Но отец выдал Шенгу билеты на самолет с открытой датой в Южную Африку, Нью-Йорк, Париж и десятки других городов, блокноты с адресами семей, которые надо было проверить, и бронь в хороших гостиницах в случае необходимости.



В Париже вода Сены приобрела цвет разбавленного чая.

Каждый четверг Мистраль посещала курсы пения, танца и этикета в частном институте. Ее взгляд все чаще был направлен за окно, она следила за полетом голубей и скворцов. Она заметила, что скворцы имитируют звуки мира людей: некоторые изображали автомобильные гудки или шум машин, едущих из отдаленных районов.

«Наверное, когда-то они имитировали песни», — думала Мистраль.

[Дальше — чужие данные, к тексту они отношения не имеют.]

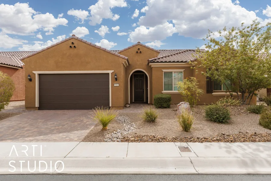 Located on a premium elevated lot with mountain views, this 2,044-sq-ft Pursuit floor plan offers 2 bedrooms, a den and 2 bathrooms. The southwest-facing backyard is set up for afternoon/evening comfort with a large covered patio overlooking a complete 5 ft deep heated pool and spa. Upgraded paver hardscaping finishes the patio, pool surround, driveway and a side path to the enclosed trash area. An oversized sliding glass door and large windows frame the views and connect the great room to the outdoors. Inside, there’s custom two-tone paint; LVP and tile in the main living areas, with carpet in the bedrooms and den. The kitchen features nutmeg-stained cabinetry, granite counters and a large island with pendant lighting. The primary suite features a bay window, large walk-in tiled shower and a spacious walk-in closet. The guest bedroom and den are well-sized and away from the primary suite; the den’s French glass doors make it an ideal flex room. The extended (26ft) garage fits trucks comfortably and includes additional storage space. The home comes with a whole-house water filtration system. Sun City Mesquite offers a clubhouse, pools, outdoor courts, miles of walking paths & more!
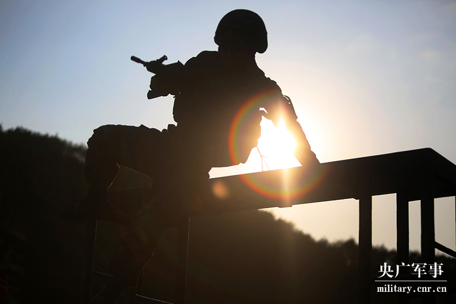 特战队员正在进行携抢通过200米障碍考核

Ее душевная меланхолия выражалась в рисунках, все более детальных и разноцветных, — она рисовала на занятиях и вечерами, когда была одна. Мама Мистраль ездила по всему миру, создавала свои духи и практически не появлялась дома.



Тем временем в Нью-Йорке Гермес тренировал стаю почтовых голубей, занимаясь с ними в заледеневших садах Квинса. Затем он проводил целые дни на Бруклинском мосту, обучая голубей пересекать реку и улетать к небоскребам Манхэттена.

Теперь наконец он мог доверить им секретное послание.

Первое сообщение, которое полетело над крышами Нью-Йорка, на адрес Харви Миллера, было: «Привет, Харви. Давай встретимся, поедим пиццы».



Был март. В Нью-Йорке было все еще очень холодно.

Харви все время проводил в зале. Он приходил туда каждый раз, когда мог, и часто оставался допоздна.

Однажды Олимпия отвела его в сторону.

— Я наблюдала за тобой, когда ты работал с мешком.

— Ну и как, ужас?

— Нет. Ты работаешь намного лучше. Но ты испытываешь странный гнев. Я не хочу лезть в твои дела, но ты хочешь отчего-то избавиться?

— Нет, — ответил Харви, — я не сказал бы.

— Но это ненормально для парня твоего возраста.

— Я тебе регулярно плачу.

— Но ты здесь чаще, чем дома.

— Мне нравится. Мне здесь хорошо.

— Три раза в неделю. Час в день. Но не больше!

Харви напрягся и почувствовал боль в мышцах плеча.

— Я не понимаю, к чему ты клонишь.

— У тебя есть братья, Харви?

— Больше нет.

Олимпия подняла обе руки, то ли прося прощения, то ли сдаваясь.

— Извини, я не знала.

— Ты здесь ни при чем.

— Считай, что мы об этом не говорили.

Харви обжег ее взглядом.

— Теперь понятно, — продолжала Олимпия. — Если хочешь, занимайся с мешком, пока он не порвется.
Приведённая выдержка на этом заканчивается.